◆ **Task to complete**
The expected output is the data below, character for character, without its pictures.

◆ **The data**
--
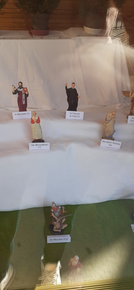C'est avec surprise que nous avons retrouvé dans nos réserves des dizaines de figurines de saints et saintes ! Nous les exposons grâce à notre belle équipe, Blanche, Maelis, Margaux et Claire ainsi que Laure qui coordonne. Les enfants du quartier aiment ce nom de crèche pour voir les moments liturgiques de l'année. Venez donc voir cette "crèche" de la Toussaint en essayant de trouver le nom de certains saints en insérant votre réponse dans la boîte sur la crèche. Résultat le dimanche 14 novembre après la messe de 10h00 sur le parvis.
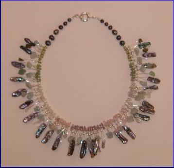 Materials: 925 sterling silver 0.60mm-0.40mm wire, 3mm-2mm beads, 12mm bolt ring clasps; cultured fresh water pearls, peridot, rose quartz, amethyst, aqua marine, moonstone, clear quartz
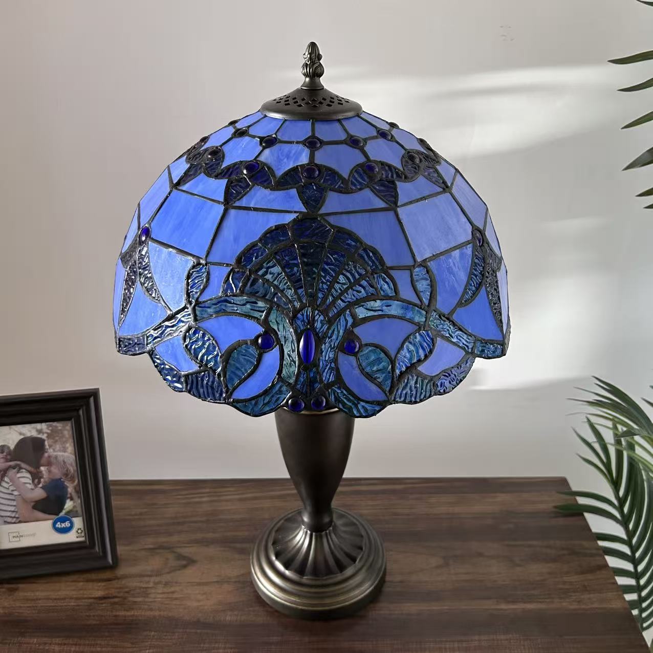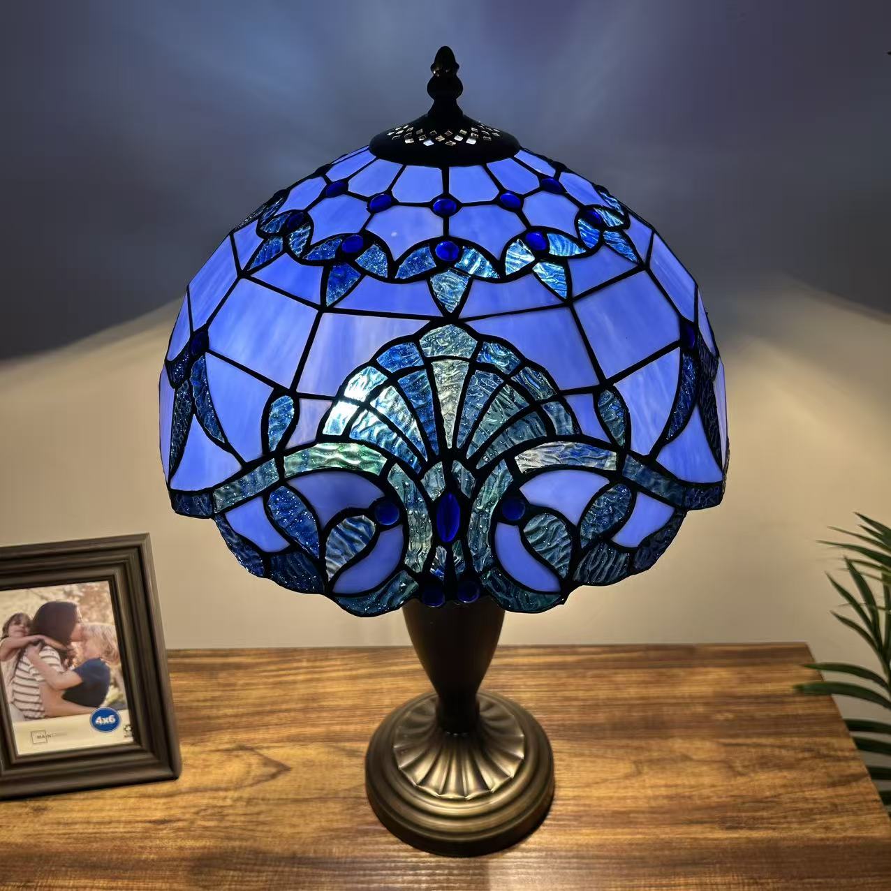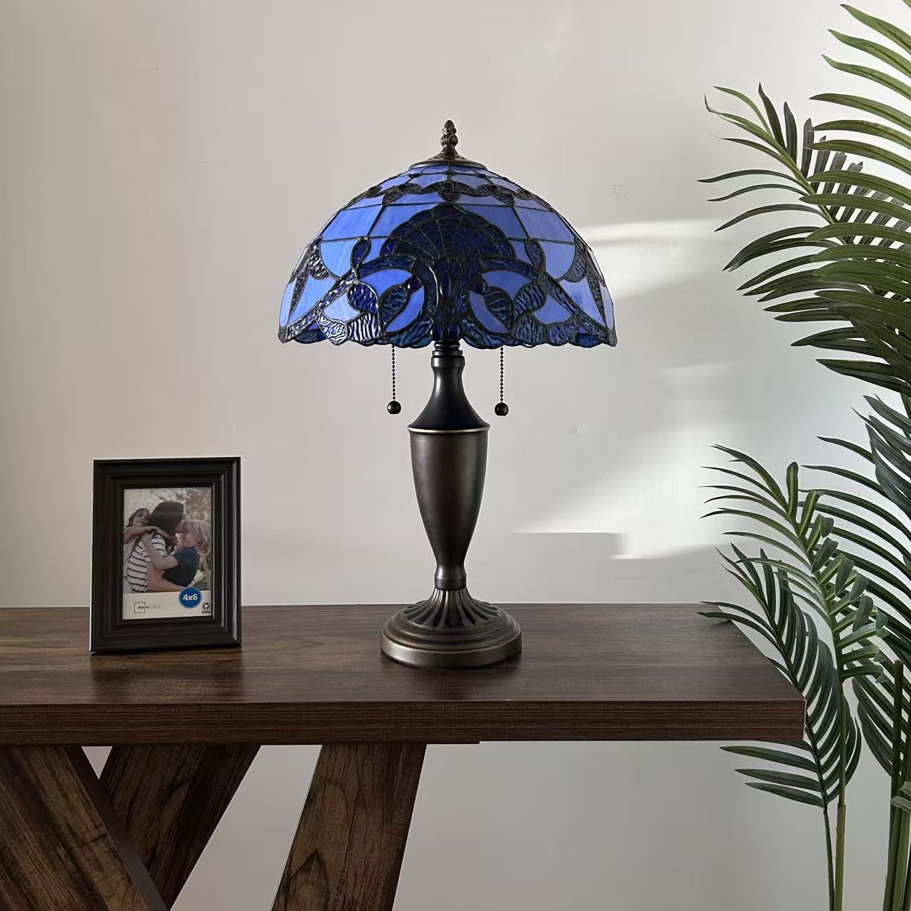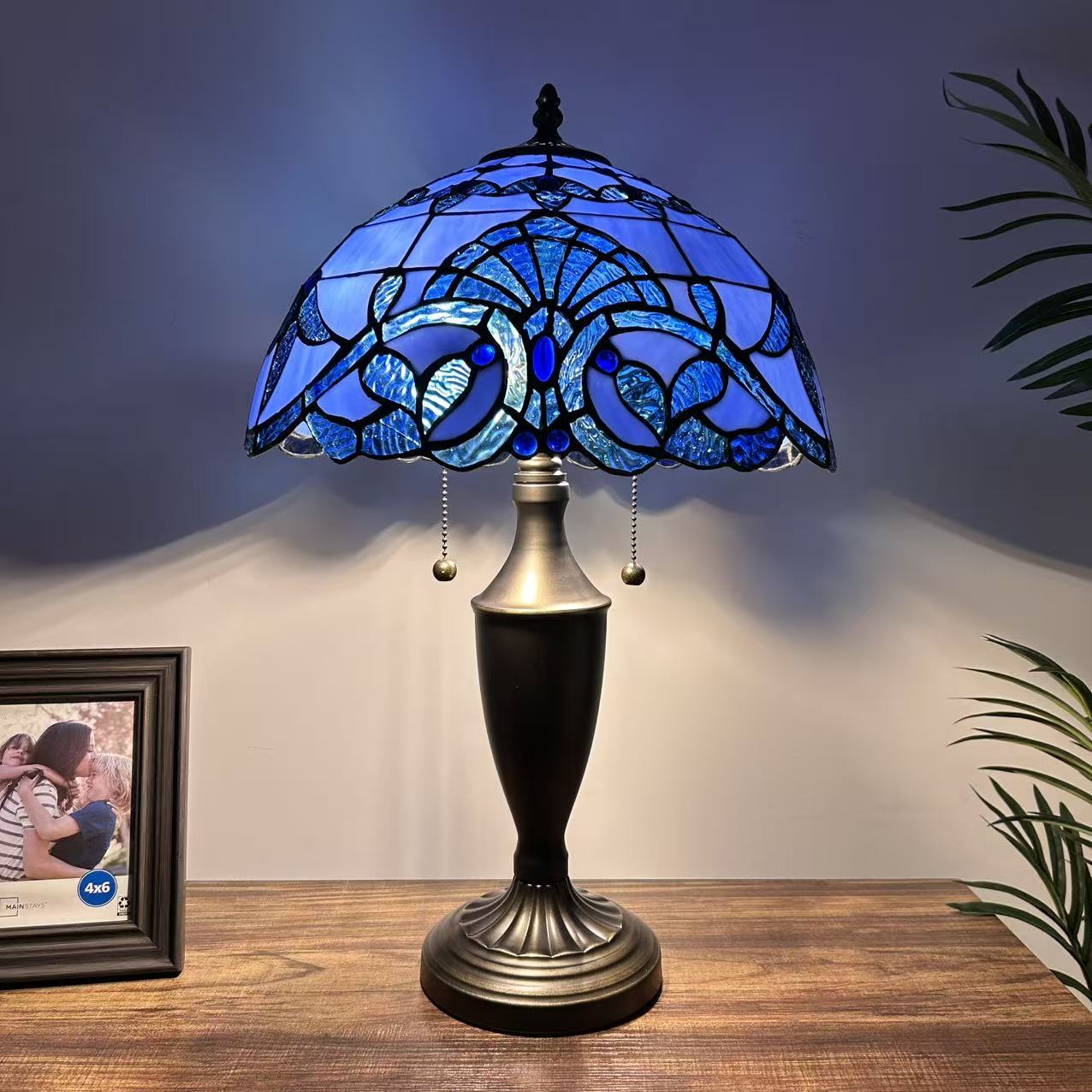 Tiffany Style Table Lamp Blue Stained Glass Baroque Style 14"W*14"D*21"H
--
◆ **Task result**
C'est avec surprise que nous avons retrouvé dans nos réserves des dizaines de figurines de saints et saintes ! Nous les exposons grâce à notre belle équipe, Blanche, Maelis, Margaux et Claire ainsi que Laure qui coordonne. Les enfants du quartier aiment ce nom de crèche pour voir les moments liturgiques de l'année. Venez donc voir cette "crèche" de la Toussaint en essayant de trouver le nom de certains saints en insérant votre réponse dans la boîte sur la crèche. Résultat le dimanche 14 novembre après la messe de 10h00 sur le parvis.
 Materials: 925 sterling silver 0.60mm-0.40mm wire, 3mm-2mm beads, 12mm bolt ring clasps; cultured fresh water pearls, peridot, rose quartz, amethyst, aqua marine, moonstone, clear quartz
 Tiffany Style Table Lamp Blue Stained Glass Baroque Style 14"W*14"D*21"H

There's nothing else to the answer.